= What is expected =
How many lines below contain the word "Shirt"? Reply solely with the number.
── Dataset records
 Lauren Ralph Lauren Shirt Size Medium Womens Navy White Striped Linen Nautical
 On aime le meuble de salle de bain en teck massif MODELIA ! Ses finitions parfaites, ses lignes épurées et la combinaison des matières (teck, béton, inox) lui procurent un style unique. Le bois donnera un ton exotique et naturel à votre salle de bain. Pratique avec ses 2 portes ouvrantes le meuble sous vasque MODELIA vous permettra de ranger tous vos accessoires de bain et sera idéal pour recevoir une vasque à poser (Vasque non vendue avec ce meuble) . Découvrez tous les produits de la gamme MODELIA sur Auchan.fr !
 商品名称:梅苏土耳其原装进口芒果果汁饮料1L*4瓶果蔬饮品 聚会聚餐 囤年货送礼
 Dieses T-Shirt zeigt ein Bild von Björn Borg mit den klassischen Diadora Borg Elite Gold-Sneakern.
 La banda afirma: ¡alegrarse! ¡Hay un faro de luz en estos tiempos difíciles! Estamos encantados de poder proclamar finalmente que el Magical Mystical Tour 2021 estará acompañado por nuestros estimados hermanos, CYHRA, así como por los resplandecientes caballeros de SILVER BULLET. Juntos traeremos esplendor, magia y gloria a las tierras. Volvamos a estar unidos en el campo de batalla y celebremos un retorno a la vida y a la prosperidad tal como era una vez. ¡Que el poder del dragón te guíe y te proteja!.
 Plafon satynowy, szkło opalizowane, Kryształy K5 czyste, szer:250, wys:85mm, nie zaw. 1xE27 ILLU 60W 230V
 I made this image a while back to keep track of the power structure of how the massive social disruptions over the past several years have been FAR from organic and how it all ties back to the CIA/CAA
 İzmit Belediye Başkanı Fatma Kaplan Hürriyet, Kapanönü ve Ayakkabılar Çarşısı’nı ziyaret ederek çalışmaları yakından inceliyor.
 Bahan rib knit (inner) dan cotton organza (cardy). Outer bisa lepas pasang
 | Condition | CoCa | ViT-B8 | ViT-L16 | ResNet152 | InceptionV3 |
────
── Dataset records
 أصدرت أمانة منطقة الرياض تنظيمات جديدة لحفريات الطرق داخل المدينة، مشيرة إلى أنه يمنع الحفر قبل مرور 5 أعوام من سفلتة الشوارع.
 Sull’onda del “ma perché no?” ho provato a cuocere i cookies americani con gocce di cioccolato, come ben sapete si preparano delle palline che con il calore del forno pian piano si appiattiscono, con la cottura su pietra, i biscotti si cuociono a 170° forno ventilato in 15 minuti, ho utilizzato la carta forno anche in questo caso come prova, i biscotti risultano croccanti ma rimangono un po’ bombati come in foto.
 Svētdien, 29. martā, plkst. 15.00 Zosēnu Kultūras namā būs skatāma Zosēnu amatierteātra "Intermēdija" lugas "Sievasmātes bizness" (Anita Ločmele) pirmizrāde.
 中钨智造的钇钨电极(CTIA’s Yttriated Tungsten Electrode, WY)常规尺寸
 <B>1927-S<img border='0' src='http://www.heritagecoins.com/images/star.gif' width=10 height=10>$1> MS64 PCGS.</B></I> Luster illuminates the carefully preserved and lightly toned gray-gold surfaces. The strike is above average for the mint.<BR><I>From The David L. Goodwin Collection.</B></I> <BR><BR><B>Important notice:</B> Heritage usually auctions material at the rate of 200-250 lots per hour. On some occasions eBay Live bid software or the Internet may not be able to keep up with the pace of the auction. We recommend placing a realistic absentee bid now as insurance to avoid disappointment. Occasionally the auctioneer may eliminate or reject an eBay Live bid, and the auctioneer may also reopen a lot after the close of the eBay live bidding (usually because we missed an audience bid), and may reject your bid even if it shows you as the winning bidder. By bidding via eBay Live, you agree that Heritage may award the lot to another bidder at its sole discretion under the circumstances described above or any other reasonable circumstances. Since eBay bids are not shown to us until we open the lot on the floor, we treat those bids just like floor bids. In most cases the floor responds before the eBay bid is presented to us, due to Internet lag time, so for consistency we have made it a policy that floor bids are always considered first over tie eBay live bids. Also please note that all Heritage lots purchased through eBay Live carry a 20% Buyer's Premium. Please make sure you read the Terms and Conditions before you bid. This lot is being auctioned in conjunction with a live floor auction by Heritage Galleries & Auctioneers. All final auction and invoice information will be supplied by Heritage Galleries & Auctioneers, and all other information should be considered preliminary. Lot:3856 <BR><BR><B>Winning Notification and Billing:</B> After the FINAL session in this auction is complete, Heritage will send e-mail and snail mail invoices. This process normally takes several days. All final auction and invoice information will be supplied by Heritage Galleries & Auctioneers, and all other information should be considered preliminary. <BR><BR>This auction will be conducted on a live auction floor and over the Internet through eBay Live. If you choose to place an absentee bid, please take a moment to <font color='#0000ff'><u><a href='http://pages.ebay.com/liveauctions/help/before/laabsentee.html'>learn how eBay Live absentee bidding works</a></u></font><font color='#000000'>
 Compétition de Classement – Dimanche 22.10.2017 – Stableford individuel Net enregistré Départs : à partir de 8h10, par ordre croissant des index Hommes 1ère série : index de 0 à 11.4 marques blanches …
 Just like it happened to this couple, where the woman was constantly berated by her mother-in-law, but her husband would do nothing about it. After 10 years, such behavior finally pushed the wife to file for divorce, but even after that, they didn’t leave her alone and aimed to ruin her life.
────
── Dataset records
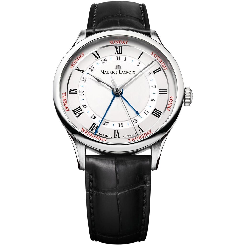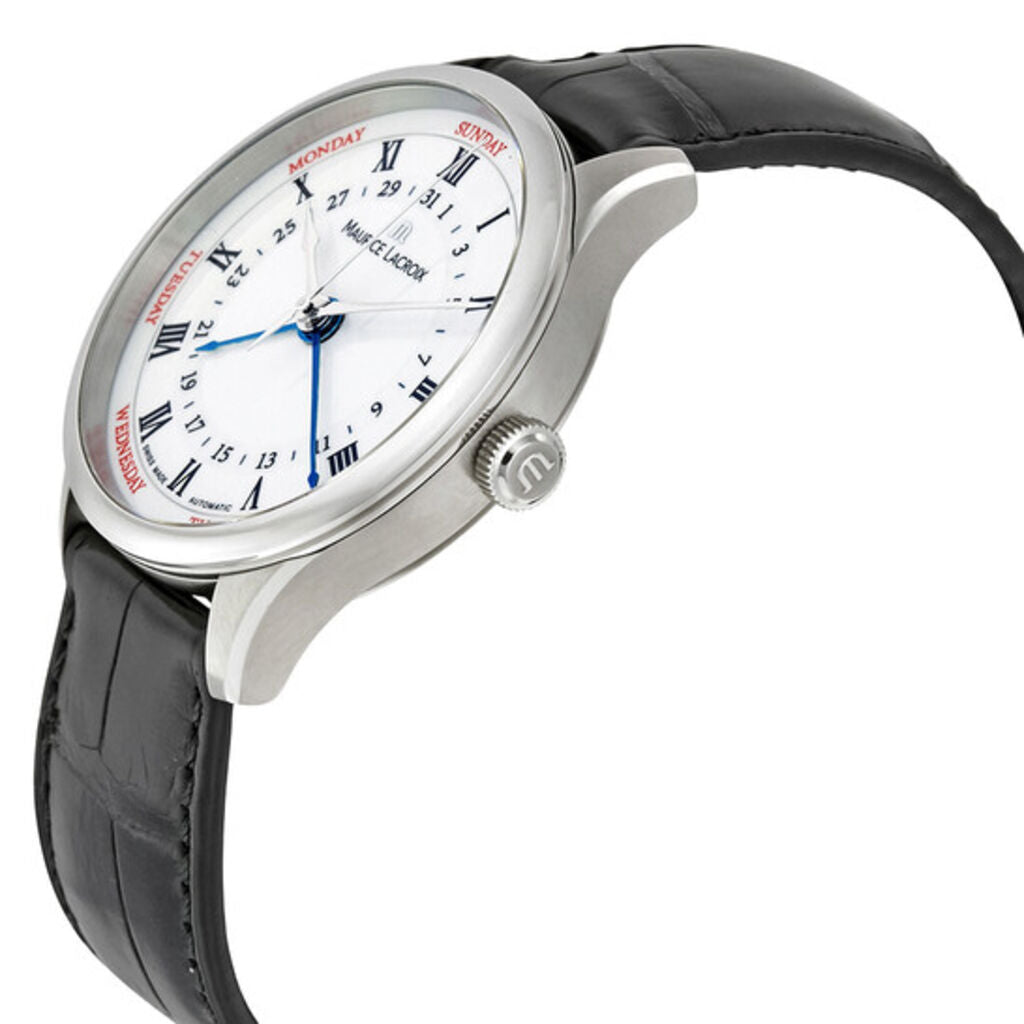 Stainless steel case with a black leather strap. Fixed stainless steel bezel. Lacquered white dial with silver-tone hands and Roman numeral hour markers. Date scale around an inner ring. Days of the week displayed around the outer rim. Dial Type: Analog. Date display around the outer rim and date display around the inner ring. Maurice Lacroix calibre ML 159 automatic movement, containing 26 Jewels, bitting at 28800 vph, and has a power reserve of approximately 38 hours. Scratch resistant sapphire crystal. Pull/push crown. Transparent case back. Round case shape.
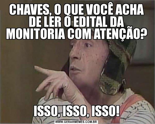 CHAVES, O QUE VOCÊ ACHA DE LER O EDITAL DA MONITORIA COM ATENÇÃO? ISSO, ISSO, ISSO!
────
= Finished exercise =
2